01 April 2004 Thursday 10 Safar 1425

Features


WMD? Don't make me laugh!
EU's economic reforms remain elusive
Seep celebrates its 40 years




WMD? Don't make me laugh!


By Mahir Ali


Don't let anyone tell you that George W. Bush takes himself seriously all the time. At last week's Radio and Television Correspondents' Association dinner, an annual black-tie event, the president of the United States was the guest of honour and thereby, by tradition, the post-victuals entertainer.

Now, George Bush isn't what you would call a natural when it comes to stand-up comedy, especially of the self-deprecating variety. He certainly isn't in the same league as Bill Clinton or Ronald Reagan - but let's face it, chances are that Al Gore would have been even less convincing.

Anyhow, when Bush is deliberately trying to be funny, he requires props. And at the shindig in question, these props took the shape of slides flashed on a large video screen, accompanied by live presidential one-liners.

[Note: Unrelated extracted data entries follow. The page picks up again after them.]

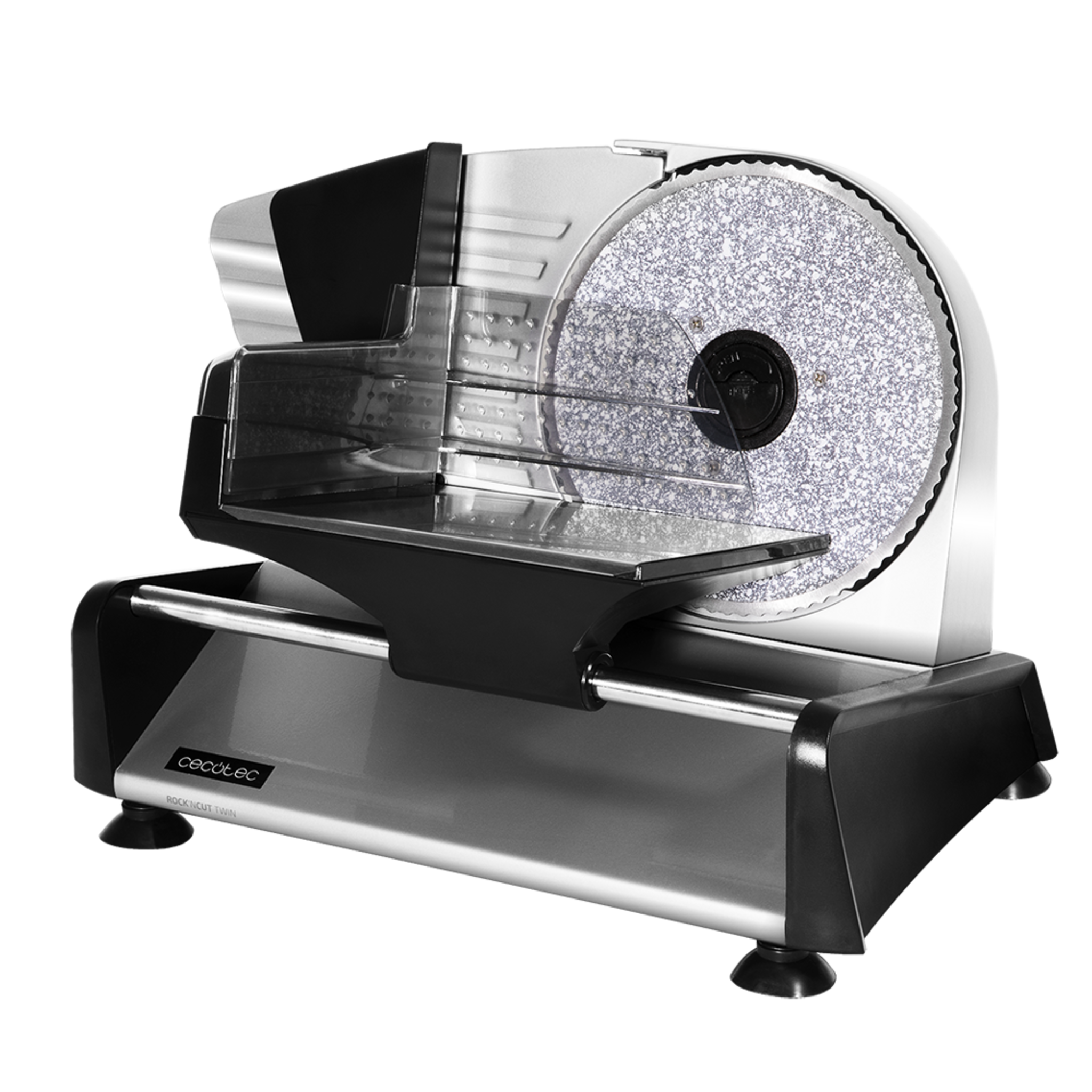 Cortafiambres Rock’nCut Twin. 180 W con 2 Discos Intercambiables para Cortar Fiambre o Pan, Revestimiento RockStone Antiadherente, Precisión de Grosor hasta 15 mm
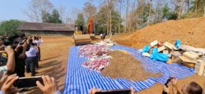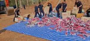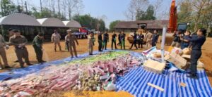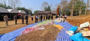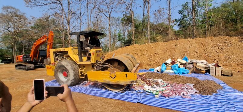 โดยก่อนพิธีทำลายของกลางผิดกฎหมายนายยอดพล วิชญกุล นายด่านศุลกากรแม่สอด เปิดเผยว่า ของกลางที่นามาทำลายในวันนี้ ประกอบด้วย บุหรี่ ซึ่งมีจำนวนรวมกว่า 3,800,000 มวน และของกลางที่เป็นสินค้าผิดกฎหมายอื่น อาทิ บุหรี่ไฟฟ้า ตู้คีบตุ๊กตา ซึ่งเป็นสินค้า มอมเมาเยาวชน พืชผลทางการเกษตร เวชภัณฑ์ยา ผลิตภัณฑ์อาหารเสริม เครื่องสาอาง รวมถึงสินค้าอุปโภคบริโภค ฯลฯ ซึ่งการทำลายของกลางในวันนี้จะใช้วิธีบดทำลายและฝังกลบโดยยึดถือแนวทาง โปร่งใสและเป็นมิตรต่อสิ่งแวดล้อม เพื่อยุติวงจรของสินค้าผิดกฎหมาย ป้องกันมิให้ของกลางกลับเข้าสู่สังคมและระบบการค้าโดยมิชอบ จากนั้นเจ้าหน้าที่ได้เริ่มการทำลายโดยใช้เครื่องจักรกลหนักบดทำลายของกลางทั้งหมดทิ้งพร้อมฝั่งกลบใต้ดินโดยมีสื่อมวลชนร่วมเป็นสักขีพยานในครั้งนี้
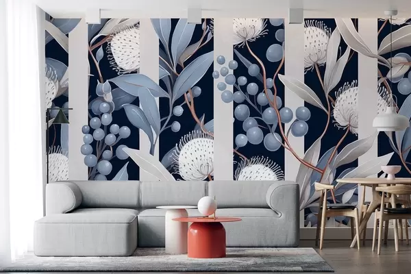 Fotomurales Adorno de flores con bayas silvestres, vintage, colores azul y gris Nr. w01886
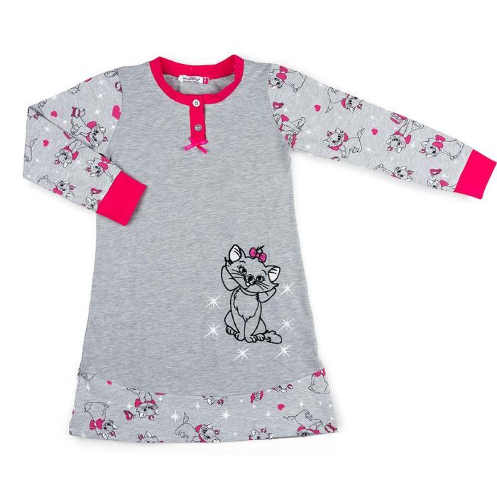 Сорочка зручного А-силуету, з довгим рукавчиком на манжеті, виконана з м'якого, дуже приємного на дотик, тонкого, бавовняного турецького трикотажу, з додаванням невеликого % еластану для підтримки форми. Перёд прикрашений якісною контурною вишивкою котика. Горловина кругла, оброблена м'якою трикотажною бейкою. Застібка - планка на два гудзики. Подаруйте донечці цю затишну, чудову річ і Вашій дитині під час приємних снів буде забезпечений затишок і комфорт.
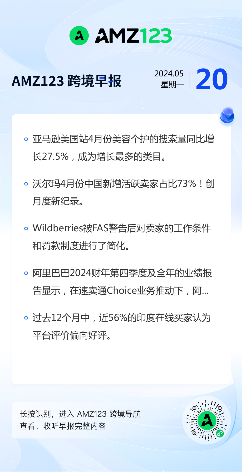 亚马逊美国站4月份美容个护的搜索量同比增长27.5%,成为增长最多的类目。

A picture showing Bush seated at his desk in a boxing robe elicits the comment that he's preparing for a tough election fight. Another one shows him on the phone with a finger in his ear, whereupon the president informs the audience that he spends "a lot of time on the phone listening to our European allies". Ha ha.

The leader of the "free world" said: "Those weapons of mass destruction have got to be somewhere." The audience laughed, which only encouraged the president. A few slides later, an image showed him peering into a corner of his office.

"Nope, no weapons over there," he quipped with a smirk. More laughter. Shortly afterwards, a third picture of Bush searching for something. The punchline? "Maybe under here."

The point is not that any search for weapons of mass destruction in the US would be well rewarded, for its stockpiles (no inspections allowed, of course) are unmatched. Nor that the audience sniggered - we journalists tend to be a cynical lot.

The point is that Bush considered it opportune and appropriate to joke about the false premises on which a war was waged - a war that has thus far claimed the lives of tens of thousands of Iraqis and nearly 600 Americans.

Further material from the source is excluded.